In conflict with a number of recent studies, six-year data from the Rotterdam study of aging failed to show a link between dietary fat and risk of dementia. The results are reported in today’s Neurology.

Drawing on disparate lines of evidence, some researchers have been building a case that dietary fat intake affects dementia risk (see related news item). For example, higher dietary cholesterol increased cerebral Aβ deposition in some animal experiments, and certain polyunsaturated fats may have antiinflammatory properties, which might counteract the alleged inflammatory contribution to dementia. Some, but not all, epidemiologic studies have linked higher serum levels of cholesterol (mostly during midlife) with higher dementia risk, and cholesterol-lowering drugs such as statins appear to reduce the risk of Alzheimer's dementia. Indeed, earlier results from the Rotterdam study have contributed to this theory (see Kalmijn et al., 1997), finding that high intake of total fat and low intake of fish (with its high levels of cis n-3 polyunsaturated fatty acids) were significantly associated with risk of dementia at the two-year follow-up in the Rotterdam study.
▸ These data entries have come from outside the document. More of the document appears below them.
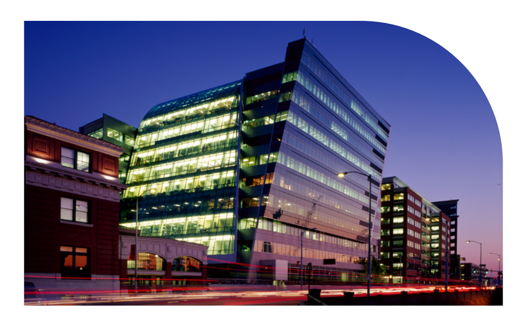
*FIrs 3-5 can be combined for 72,981 RSF

Located in Chinatown-International District, immediately south of the financial core, this 11-story, 2009-2010 BOMA Office of the Year Building features an iconic "glass waterfall" design and state-of-the-art building systems.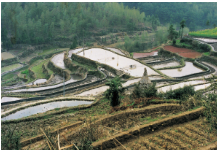
Fig. 7. Fish paddies on the mountain areas of Oujiang River basin.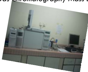
Gas Chromatography Thermal Conductivity Detector (GC-TCD)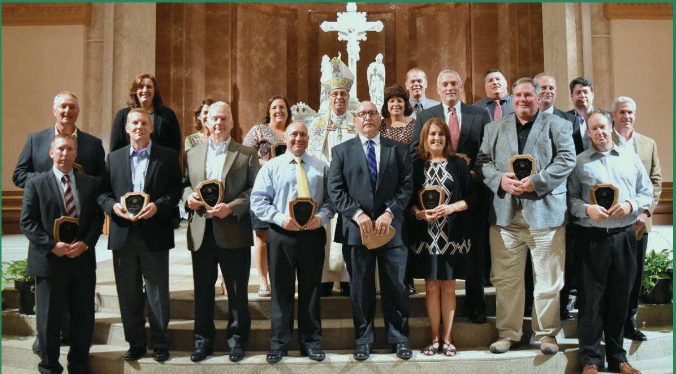
2017 MSGR. Albert Busald Award Winners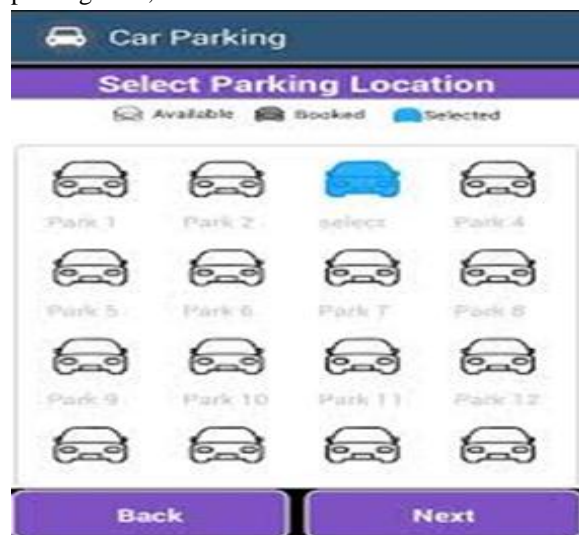
Figure 5 Expected Result

the system is an efficient online vehicle parking system. The successful implementation of this system incorporates of assigning the free parking slot to the vehicle. Also all the information about the parking area, slots, allotment and de-allotment is provided on web portal. If the parking space is full, no vehicle is allowed to enter the parking space until any of the parking slots, is made available.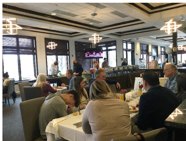
The first Sunday Buffet of the season!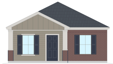
PLAN 2 - AR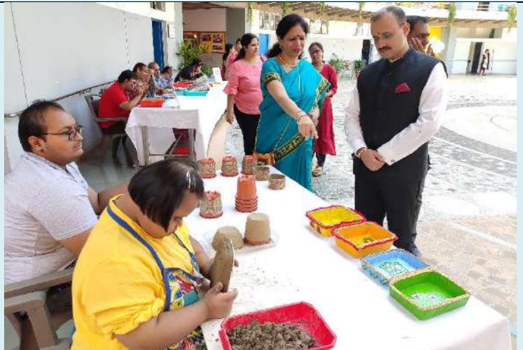
An exhibition on how our trainees work in their respective units presented live for the guests at Diwali utsav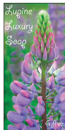
2" x 4" Specialty Product Label

MyBinding.com 5500 NE Moore Court Hillsboro, OR 97124 Toll Free: 1-800-944-4573 Local: 503-640-5920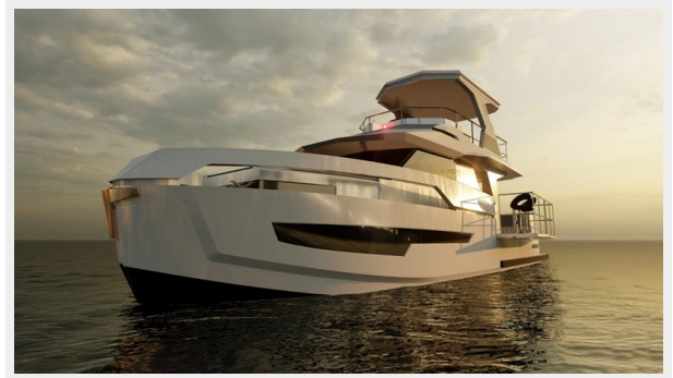
GN47 White Waterline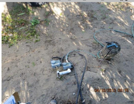
Irrigation pipes on WS slope.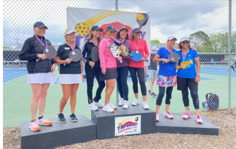
Tri-Valley Pickleball Club's Round Robin Tournament Women's Doubles 3.5/4.0 - May 2023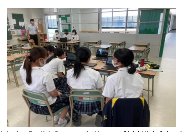
7/14 Active English Program in Kanoya Girls' High School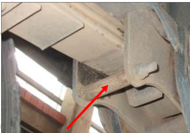
Unprotected retainer bolt tube

In order to reduce shock loads and prolong the life of the spring pack, Jost suspensions also offer as standard equipment a polyurethane spring saver instead of the traditional retainer bolt tube. Spring savers are available in 3 versions, for 7-8 or 9 blade springs.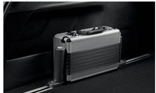
Aluminium Boot Rails with accessory boot retainer (available at extra cost).

Model shown is Peugeot 308 SW GT with optional Magnetic Blue metallic paint.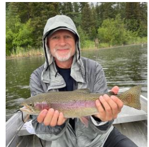
Rob Jensen Education

There will be a joint casting session with SSFF (South Sound Fly Fishers) on Saturday, September 12 at 10:00AM at Tumwater Historical Park, (802 Deschutes Way SW, Tumwater, WA 98501). This session will be open to all who want to work on their casting technique, even if you are not interested in the FCSD program ( FCSD LINK ).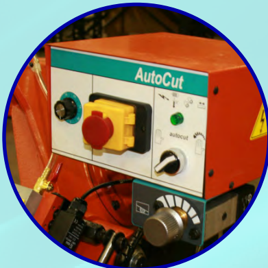
Control Panel with AutoCut Feature and Variable Blade Speed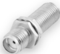
CASE STYLE: DJ952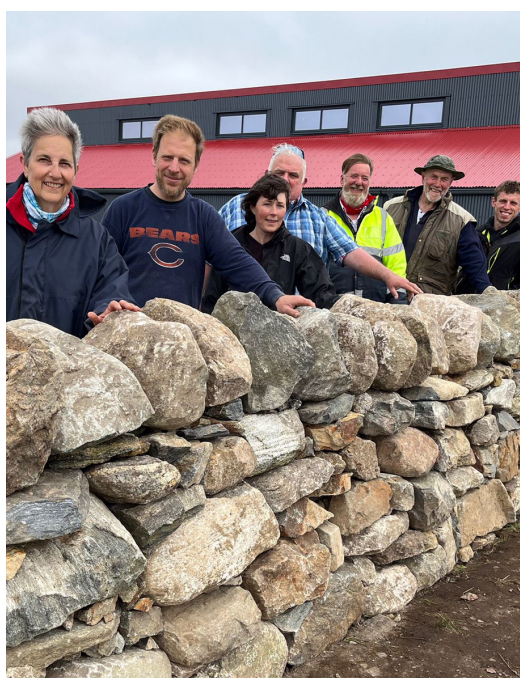
Drystone Walling Course - Page 7

Now Monique Breteler and her colleagues in the Netherlands at the Erasmus Medical Center and at the University of Utrecht report the findings of six years of follow-up in the study of elderly residents (55 years or older at baseline) of a suburb of Rotterdam. Of the 5,395 subjects whose baseline and follow-up exams included complete dietary data, 197 (seven percent) had developed dementia (146 with AD; 29 with vascular dementia; and 22 with other dementias).

The researchers found no contribution to dementia risk from the intake of total fat, saturated fatty acids, or trans-unsaturated fatty acids, or from dietary cholesterol (adjusted for age, gender, total energy intake, and vitamin E intake). Conversely, dietary intake of the so-called "good" fatty acids, the cis mono- or polyunsaturated fatty acids, failed to reduce AD risk. These findings held true for all dementias, vascular dementia, and AD, and when additional lifestyle elements were factored in (e.g., smoking, alcohol, fruit and vegetables, dietary supplements, body mass index). Similarly, excluding patients using lipid-lowering drugs, or those with myocardial infarction or diabetes, did not change the results.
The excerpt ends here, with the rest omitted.